When Dr. Schmidt saw the craftsmanship on the circles and stones, he turned to his colleagues and said, “Creating these stones and circles with the means of that day is like building a Boeing in your basement today.”

I had started my day with a coffee as usual. I saw that word at the daily Cumhuriyet in an article written by Özgen Acar: “Wish tree.”  

The article was about the great archeologist who we lost on July 20: Dr. Klaus Schmidt.

What Klaus Schmidt discovered in Göbeklitepe, I believe, has potential to change many things in the history of humanity and the history of our beliefs. 

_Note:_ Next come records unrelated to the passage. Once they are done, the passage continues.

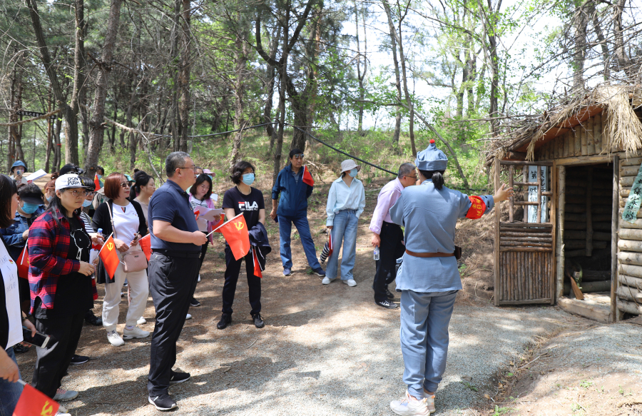 大家迈着整齐的步伐,来到东北抗联莲花岛红色教育基地,在抗联密营中,驻足在战壕、地道、马架子、抗联救护所等场景前,跟随讲解员详细了解东北抗日联军战士们的密营生活,感受到恶劣的战斗环境,深刻体会革命战士的爱国精神。
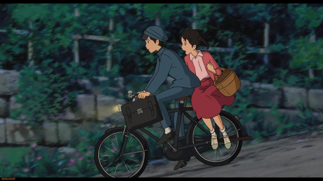 Wallpaper From Up On Poppy Hill, boy and girl on a bicycle
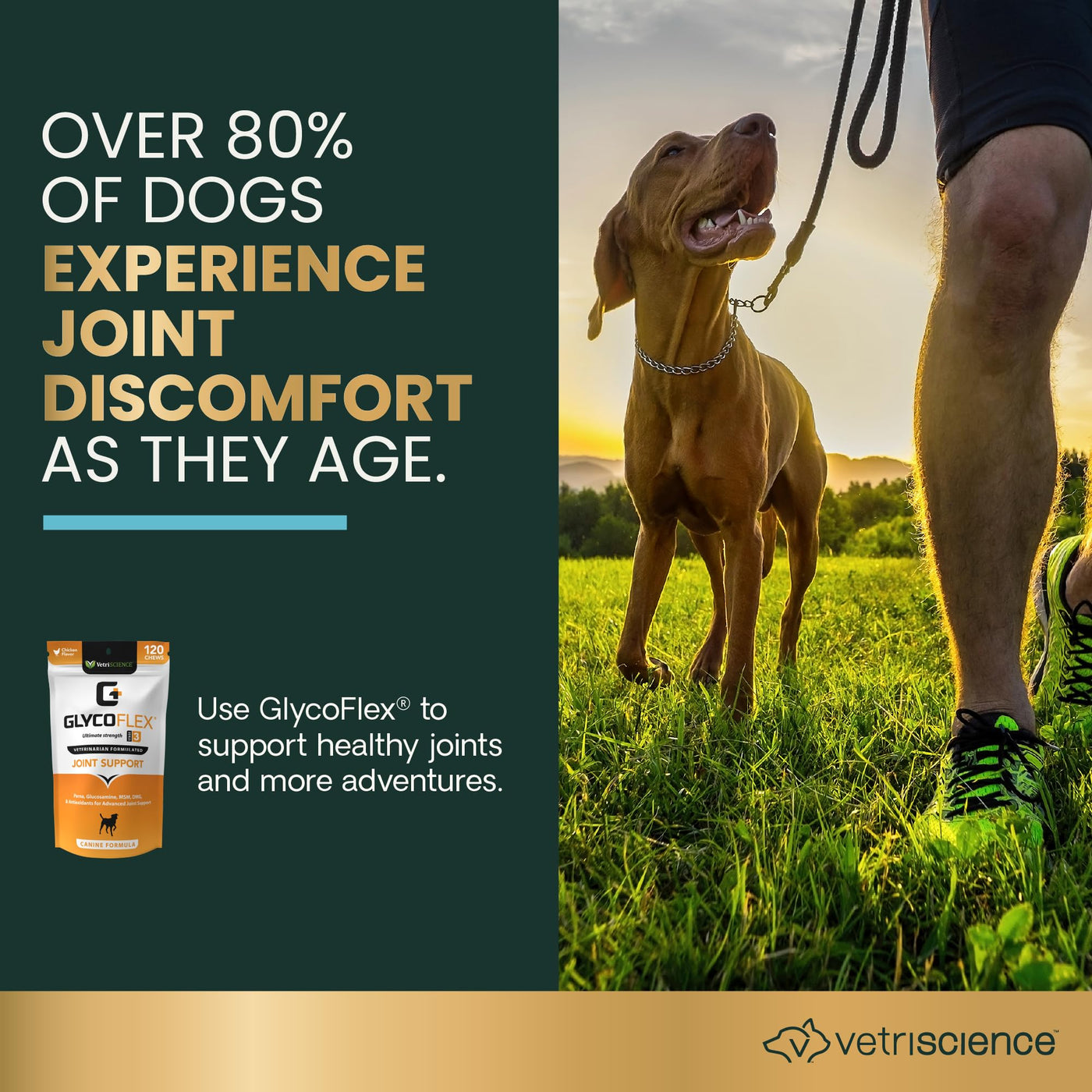 VetriScience Glycoflex 3 Vet Strength Glucosamine for Dogs Hip and Joint Supplement, Chicken, 60 Chews - Clinically Proven Mobil
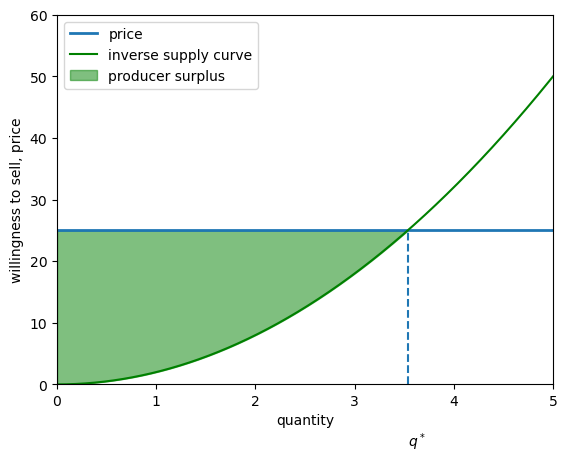 We define producer surplus as \(p q\) minus the area under an inverse supply curve
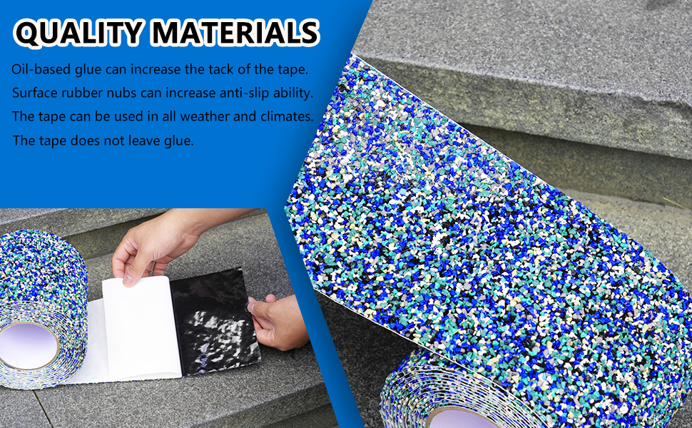 الحجم والمواد الخام: سطح الشريط المطاطي الأزرق المضاد للانزلاق CHUANGDANG يحتوي على نتوءات مطاطية غير متساوية، مما يزيد من الاحتكاك وقوة الشريط المضادة للانزلاق. الحجم هو 2 بوصة × 16.5 قدم، لفة واحدة، المادة الخام الرئيسية لهذا الشريط المضاد للانزلاق لحمام السباحة هي حبيبات مطاط PEVA + طبقة PVC + أكريليك، حبيبات مطاط PEVA صديقة للبيئة، الأكريليك لزج للغاية، يمكن أن يبقى لزجًا لفترة طويلة ولن يسقط، ولن يكون هناك أي بقايا عند الاستخدام.
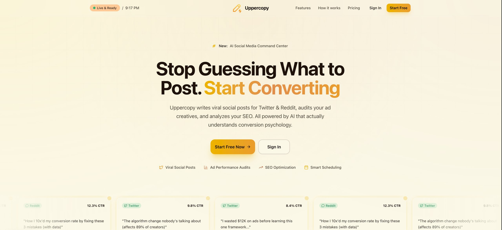 Descrição da ferramenta: Uppercopy é uma plataforma centralizada para criação, otimização e gerenciamento de conteúdo em múltiplas redes sociais, facilitando a produção rápida e eficiente de posts virais, auditoria de SEO e reaproveitamento de conteúdos.

A group of archeologists from the universities of Chicago and Istanbul visited the southeastern town of Şanluıurfa in 1963. It looked like a routine visit. When they reached the hill 10 kilometers away from Şanlıurfa, they noticed a tree. The tree that was standing by itself all alone in an empty terrain was impressive. It was a mulberry tree and local people called it “the wish tree.” People have been going to the tree to make wishes since ancient times.  

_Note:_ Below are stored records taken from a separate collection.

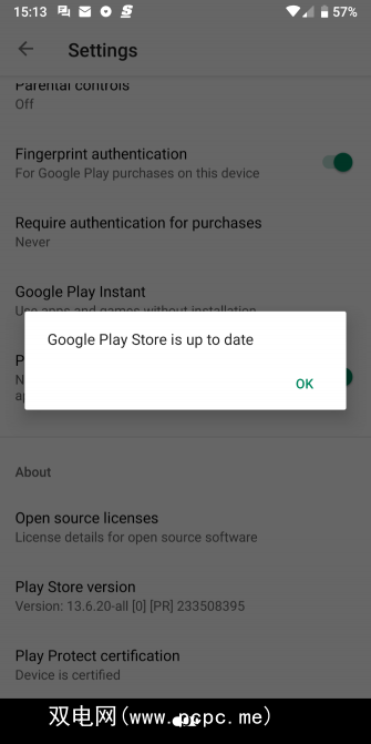完成此操作后,您可以通过两种方式将Play商店应用更新为最新版本。一种是简单地打开Play商店,然后从左侧的滑出菜单中选择设置。在这里,向下滚动并点击 Play商店版本条目以检查更新。
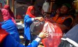 Warga membawa sampah untuk ditimbang di Bank Sampah Cempaka RW 05 Menteng Atas, Jakarta, Selasa (21/6/2022). Dalam sebulan bank sampah yang memiliki 70 nasabah ini mampu mengumpulkan sampah rata-rata hingga 1 ton. (FOTO : Prayogi/Republika.)
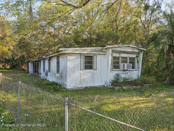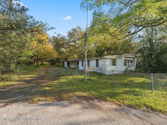 Nestled on a generous half-acre lot adorned with mature landscaping and partially wooded areas, this mobile home offers a serene retreat with abundant potential. The property features two attached covered carports accommodating up to three vehicles, complemented by a front covered porch, and plenty of space. While the home requires some tender loving care and presents a fixer-upper opportunity, the expansive land provides a canvas for your vision, whether it's creating lush gardens, outdoor living spaces, or additional structures. You could also tear it down and use this amazing lot to build your dream home. Just 8 miles away lies the Withlacoochee State Forest, spanning over 157,000 acres and offering a myriad of recreational activities including hiking, biking, and horseback riding. For history enthusiasts, the Chinsegut Hill Manor House, a historic site dating back to the 1850s, is situated approximately 12 miles from the property, providing a glimpse into Florida's rich past. Additionally, the Good Neighbor Trail, a 10.7-mile multi-use recreational trail connecting Brooksville to the Withlacoochee State Trail, is located about 6 miles away, perfect for walking, jogging, or cycling amidst scenic surroundings. Embrace the opportunity to transform this property into your dream haven, surrounded by nature and close to local attractions.
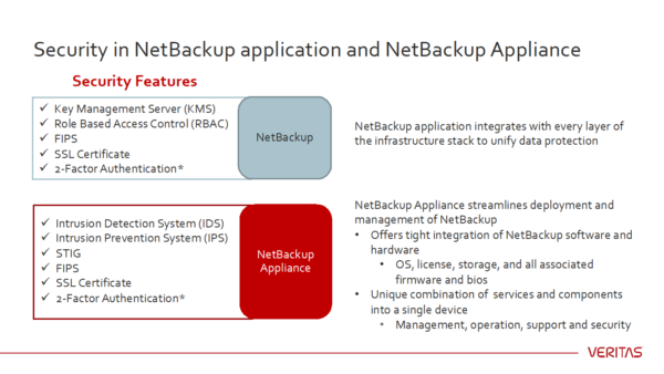 Veritas ให้คำแนะนำด้านความมั่นคงปลอดภัย (Security Guide) โดยอธิบายคุณลักษณะ (Features) ของระบบความมั่นคงปลอดภัยที่ทำงานอยู่ใน NetBackup Appliance 3.1 ได้แก่:
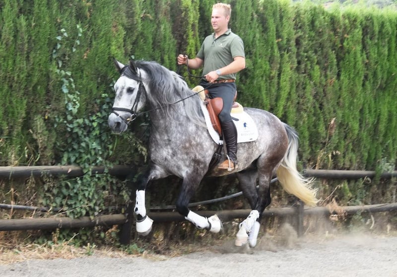 dear character, ridden in the basic gaits, outside canter, lateral movements, backing up, passage, some flying changes, backing up, terrain, Feria, Romeria, has already participated in dressage competitions, baroque, has already undergone X-rays and is Piro negative, lineage: Candau, Romero Benitez, grandfathers Bronco XVI and Africano XXVIII are qualified www.elegante-andalusier.com
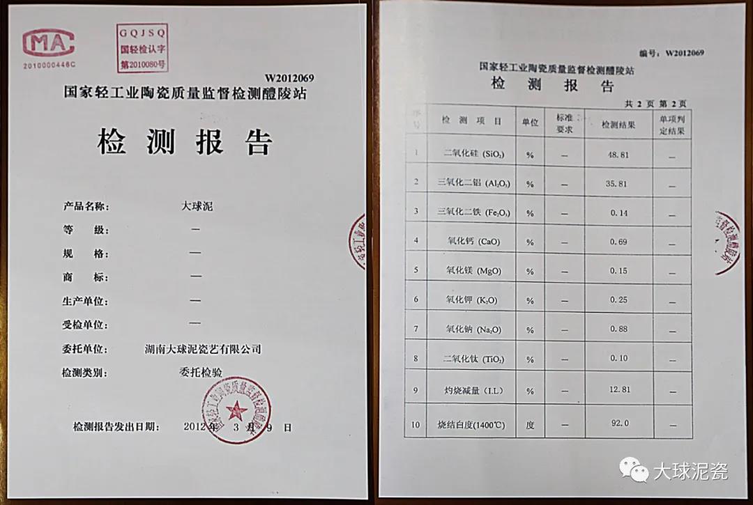“大球泥”一詞最早出現(xiàn)在公眾是2012年1月,2012年3月9日國家輕工業(yè)陶瓷質(zhì)量檢測醴陵站的檢測報告,2012年10月22日百度百科的引用詞條,除此之外,沒有更早的媒體報道有關(guān)“大球泥”了?v觀所有資料來看,“大球泥”有三個注解。

While the archeologists were examining the tree, one of them noticed a small hill a bit further away. 

The texture of the soil was different; it was as if it was hiding something. They examined it for a while, began to dig slightly and came across some lime stones. The Chicago archeologists went back to their countries and wrote reports on their findings. They wrote that there were no noteworthy discoveries from that hill. They claimed that it was probably a Byzantium outpost and that the stones belonged to a grave stone. The file was then closed. The tree had given its first signal, but it went unnoticed.

Some 25 years later, a villager named Şavak Yıldız who was practically born and lived under that tree, found a set of two sculpture-like objects in 1988. He looked at them for a while but continued with his work. He brought them home in the evening. His nephews and relatives then looked at them for a while with one of them suggesting that he should sell them to the antique shop. However, Şavak Yıldız was determined: “I am going to take them to the museum.” They told him it was too far away, but he set out the next morning, with the hope of an award in his mind. 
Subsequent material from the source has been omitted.